[Collected data]
------------------------------------------------------------------------
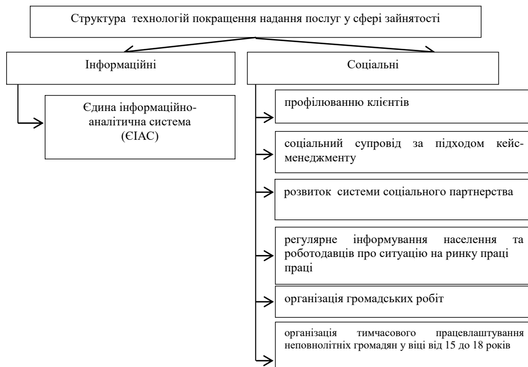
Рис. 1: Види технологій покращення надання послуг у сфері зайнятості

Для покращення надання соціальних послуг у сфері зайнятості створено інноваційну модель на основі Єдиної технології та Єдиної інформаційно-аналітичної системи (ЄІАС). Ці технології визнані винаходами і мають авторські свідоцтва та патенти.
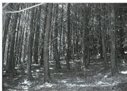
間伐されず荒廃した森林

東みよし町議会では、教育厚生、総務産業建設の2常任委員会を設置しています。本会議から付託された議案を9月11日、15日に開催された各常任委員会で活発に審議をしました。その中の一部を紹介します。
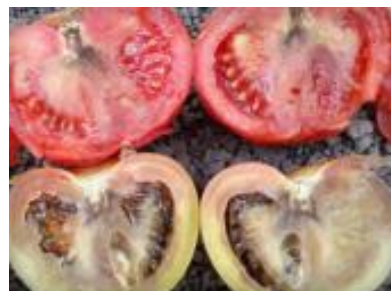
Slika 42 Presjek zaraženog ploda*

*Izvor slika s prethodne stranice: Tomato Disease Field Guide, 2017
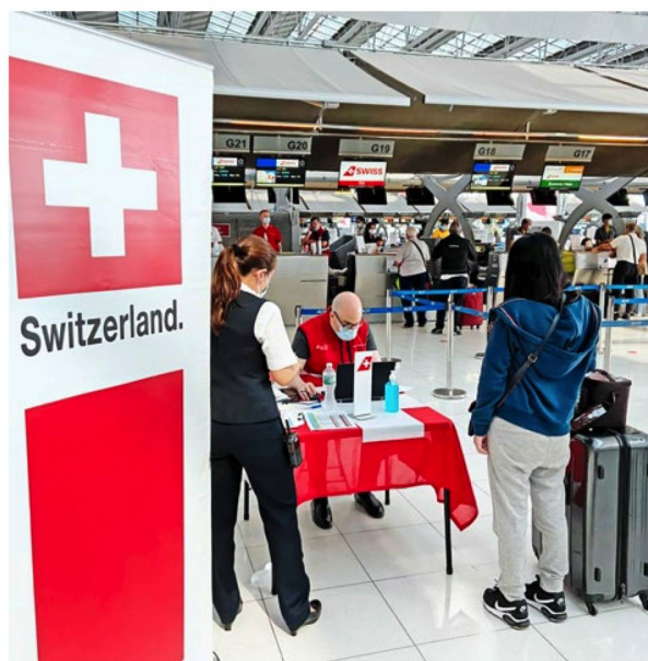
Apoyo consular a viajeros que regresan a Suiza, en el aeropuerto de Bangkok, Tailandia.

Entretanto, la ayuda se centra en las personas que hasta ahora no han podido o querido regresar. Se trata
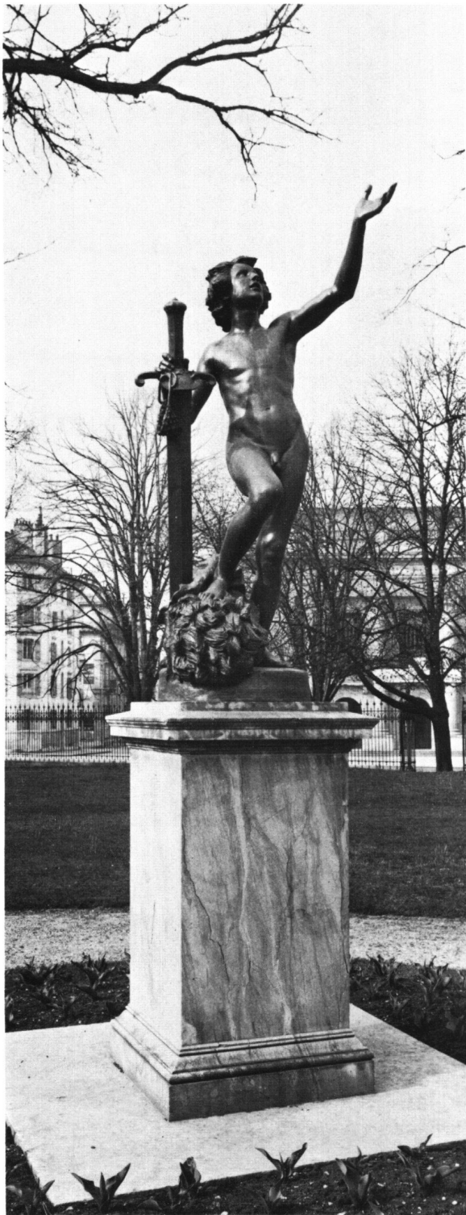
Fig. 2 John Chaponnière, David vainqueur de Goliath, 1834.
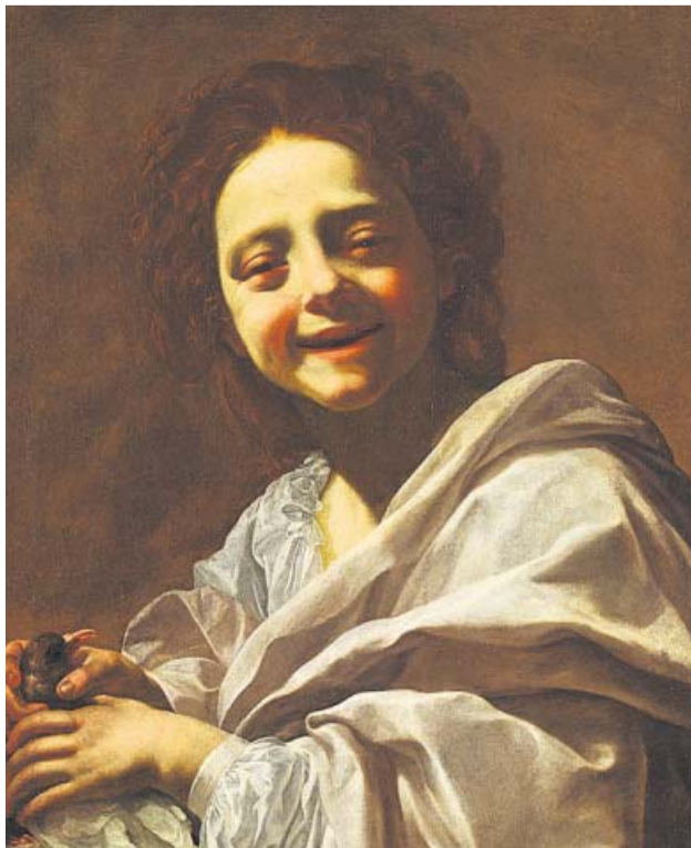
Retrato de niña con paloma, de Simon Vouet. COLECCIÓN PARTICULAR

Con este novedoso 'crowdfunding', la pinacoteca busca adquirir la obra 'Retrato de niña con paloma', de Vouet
------------------------------------------------------------------------
* WHAT YOU WILL DO *
Copy out every entry above, character for character, excluding pictures.

* RESPONSE TO THIS TASK *
Рис. 1: Види технологій покращення надання послуг у сфері зайнятості

Для покращення надання соціальних послуг у сфері зайнятості створено інноваційну модель на основі Єдиної технології та Єдиної інформаційно-аналітичної системи (ЄІАС). Ці технології визнані винаходами і мають авторські свідоцтва та патенти.
間伐されず荒廃した森林

東みよし町議会では、教育厚生、総務産業建設の2常任委員会を設置しています。本会議から付託された議案を9月11日、15日に開催された各常任委員会で活発に審議をしました。その中の一部を紹介します。
Slika 42 Presjek zaraženog ploda*

*Izvor slika s prethodne stranice: Tomato Disease Field Guide, 2017
Apoyo consular a viajeros que regresan a Suiza, en el aeropuerto de Bangkok, Tailandia.

Entretanto, la ayuda se centra en las personas que hasta ahora no han podido o querido regresar. Se trata
Fig. 2 John Chaponnière, David vainqueur de Goliath, 1834.
Retrato de niña con paloma, de Simon Vouet. COLECCIÓN PARTICULAR

Con este novedoso 'crowdfunding', la pinacoteca busca adquirir la obra 'Retrato de niña con paloma', de Vouet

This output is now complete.